What’s in a name? Turkish Airways calls their premium economy seating “Comfort Class,” and comfort is exactly what it delivers. The new class offers 46” seat pitch and 19.5” seat width, configured in a 2 x 3 x 2 format – which means you can say goodbye to most of those middle seats you avoided like a crazy ex-girlfriend. Unfortunately, Comfort Class has inexplicably been a poor money maker and Turkish Airlines has announced they will be removing it from their fleet, so enjoy it while you can.
You have Marc Newson to thank for the exceptional experience in Qantas premium economy class. The award-winner directed everything from the design of the ergonomic seats to the china on which the meals (overseen by the chef responsible for acclaimed Aussie restaurants like Rockpool) are served. From the design touches, to the footrests (at every seat), to the moveable TV screens and the 40” seat pitch, it’s everything you want on the long haul service Qantas offers.
According to Virgin Australia CEO John Borghetti, the exclusive premium economy cabin on Virgin Australia flights isn’t meant to be ‘economy plus’ but ‘business lite.’ The service more than lives up to that moniker, with noise cancelling headphones, reading lights, the infamous RED entertainment system, better meals and an amenity kit that includes an eye mask, ear plugs, socks, lotions, a toothbrush and toothpaste. Good old Branson is never one to do things by halves, so expect nothing but the exceptional on Virgin Australia.
There’s good news and there’s bad news. The bad news is for Air Canada’s economy class: the airline switched from 9-seats-across to 10-across, meaning less space and more passengers. The good news is for those looking for an upgrade: that move made room for a new premium economy class, a separate cabin with more legroom and more recline (better luck next time, economy). Passengers in those seats are entitled to both priority airport services and premium amenities onboard.
You may not have heard of OpenSkies yet, but you’ll want to book a ticket as soon as you’ve finished reading. OpenSkies is a boutique subsidiary of British Airways flying nonstop between Paris and NYC. A trip on the airline is already something special, but the Prem Plus service makes it even more so. Inside the intimate cabin you’ll find spacious seats, 5-star food, full bar service and, best of all, your own personal iPad equipped with 70 hours of the latest movies, music, games and entertainment.
British Airways jazzes up the name of its premium economy seating – World Traveller Plus – and, thankfully, jazzes up everything else about its service to match.

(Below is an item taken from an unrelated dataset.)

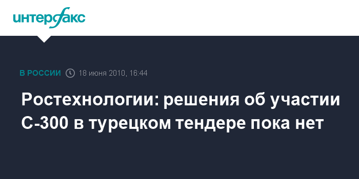Москва. 18 июня. INTERFAX.RU – Россия пока не приняла решения об участии в тендере на поставку Турции систем противовоздушной обороны (ПВО) дальнего радиуса действия, заявил первый замглавы Ростехнологий Алексей Алешин.
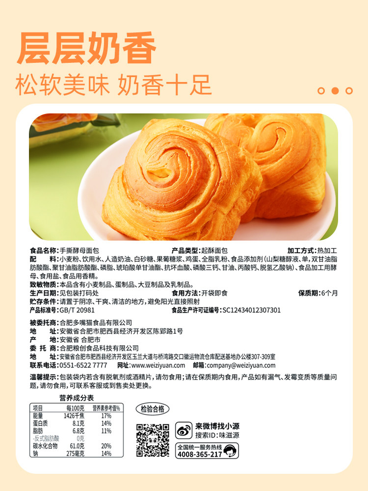 Pine soft and tasty milky aroma (total of 2) hands torn bread 1 delivered 1 piece (about 90g) (tasting recommended⭐) a total of 2 catties 1 large case (hand ripping bread 500g for 500g)

All the upgrades you expect are there: more spacious seats, noise-reducing headphones, an amenity kit, an enlarged personal entertainment screen, three-course meals, complimentary bar service and, perhaps most importantly in our modern digital age, a personal in-seat power supply so your favourite iDevices will never go hungry.
Alitalia isn’t an airline you hear about often, but Classica Plus could change that. Each passenger gets an individual 10.6-inch IFE screen, a drink prior to departure, and the option to upgrade to premium economy on board. All menus are designed by Gualtiero Marchesi’s Alma International School of Italian Cuisine. For added indulgence, your meal begins with a hot towel and concludes with dessert topped off with an espresso upon request. Because Italians don’t mess around when it comes to dining and drinking.